Here’s a Craven pump from Corso Como. Perhaps they were thinking about “quaking in your boots.”
Finally, here’s the strangest craven I’ve encountered – and the one that, almost two years ago, got me started thinking about this mysterious word. It’s from a blog post by the former editor of Lucky, a defunct fashion magazine; she likes the idea of wearing a “party in a top” – something to wear at “crowded gatherings where all anyone takes note of is what you’re wearing from the waist up.”
I consider myself fluent in Fashionspeak, but I honestly have no idea what she’s talking about here. What is her, or Fashionspeak’s, definition of craven, and in what universe does it coexist with loud? Maybe she’s thinking about raving? I’m at a loss.
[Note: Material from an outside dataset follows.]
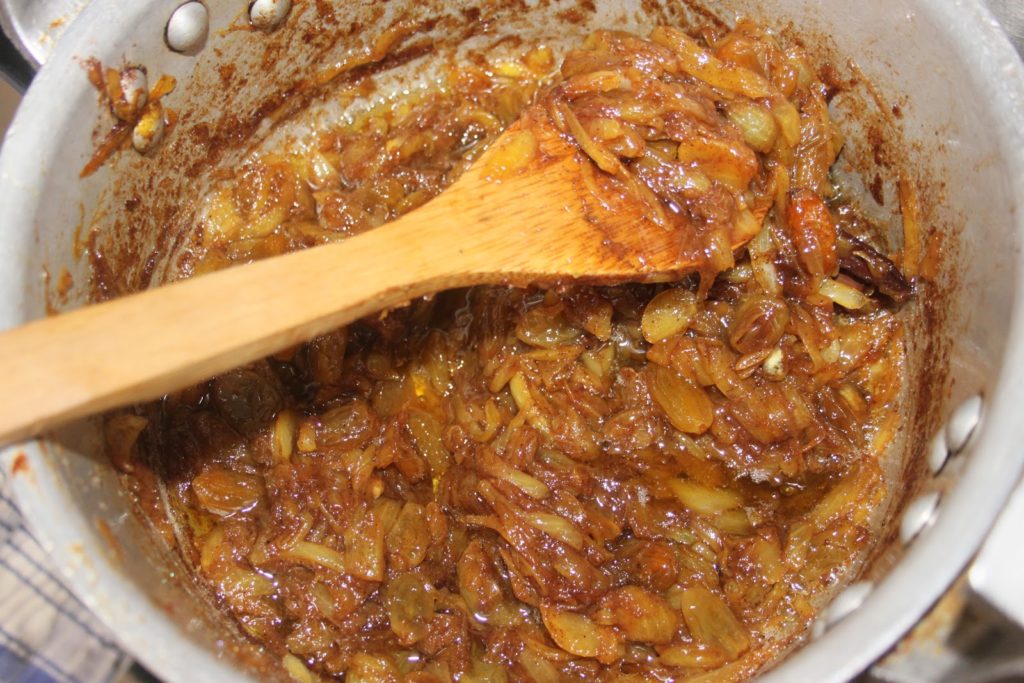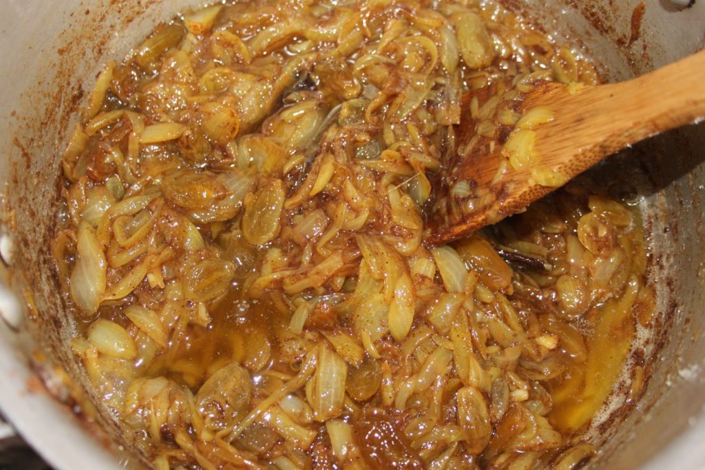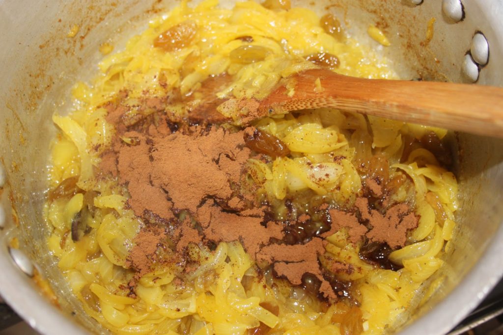- Quand les oignons sont bien cuits (mous au toucher), ajouter les raisins et la cannelle en poudre.

Meanwhile, if you want to do something about craven elected officials who don’t dare oppose the almighty gun lobby, here’s some food for thought. And here’s some more. And more.
Re: "I consider myself fluent in Fashionspeak, but I honestly have no idea what she’s talking about here. What is her, or Fashionspeak’s, definition of craven, and in what universe does it coexist with loud? Maybe she’s thinking about raving? I’m at a loss."
Okay, I'm going out on a limb here, but maybe the editor in question was thinking the party was "star craven loud" in that she was mishearing "stark raving" -- & that is why she used "craven"?